**What you should do:** The whole listing needs retyping exactly; keep the pictures out of it.

Dataset excerpt Start Marker

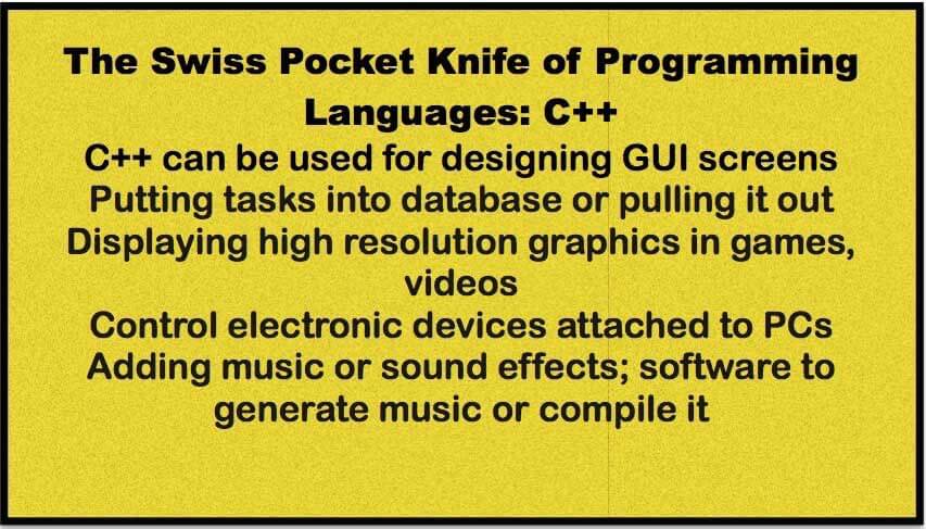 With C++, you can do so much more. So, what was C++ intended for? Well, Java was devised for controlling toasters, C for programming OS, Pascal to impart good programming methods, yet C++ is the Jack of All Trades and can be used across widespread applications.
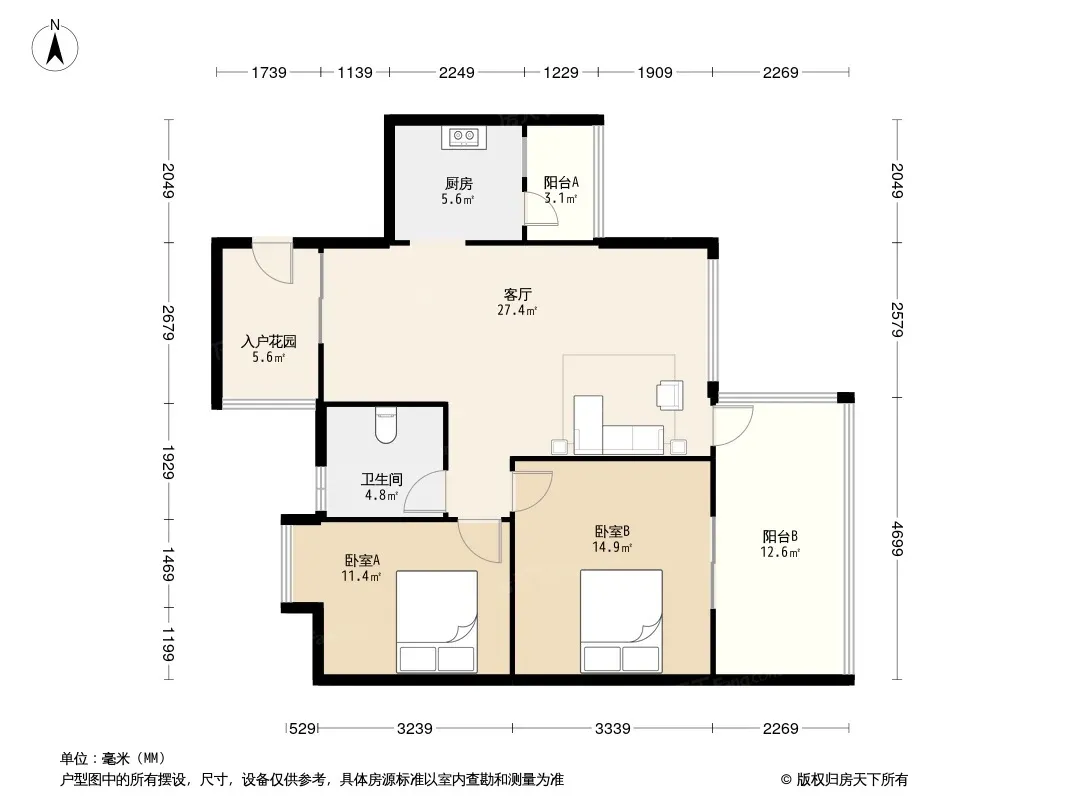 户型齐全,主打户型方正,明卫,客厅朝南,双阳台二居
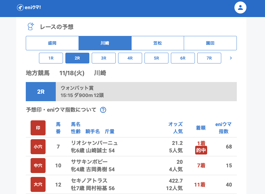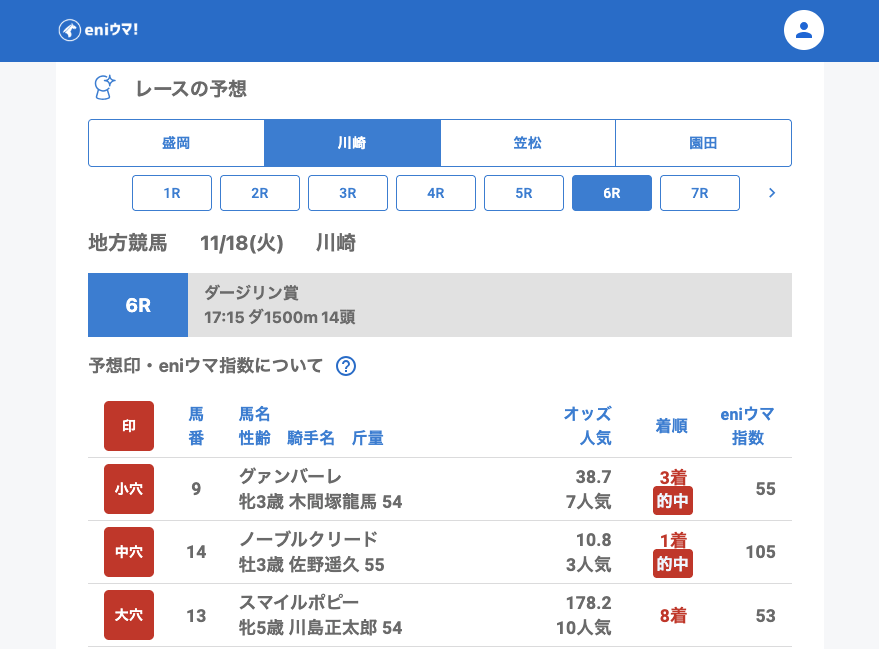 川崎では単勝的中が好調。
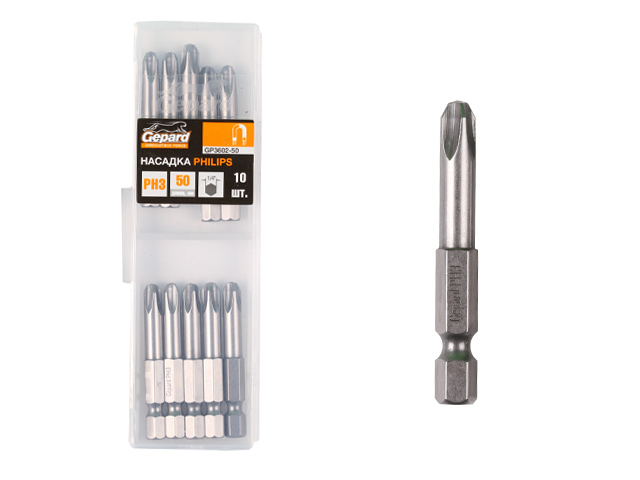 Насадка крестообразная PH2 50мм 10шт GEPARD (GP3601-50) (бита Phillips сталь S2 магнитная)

Dataset excerpt End Marker

**Response to the exercise:**
 With C++, you can do so much more. So, what was C++ intended for? Well, Java was devised for controlling toasters, C for programming OS, Pascal to impart good programming methods, yet C++ is the Jack of All Trades and can be used across widespread applications.
 户型齐全,主打户型方正,明卫,客厅朝南,双阳台二居
 川崎では単勝的中が好調。
 Насадка крестообразная PH2 50мм 10шт GEPARD (GP3601-50) (бита Phillips сталь S2 магнитная)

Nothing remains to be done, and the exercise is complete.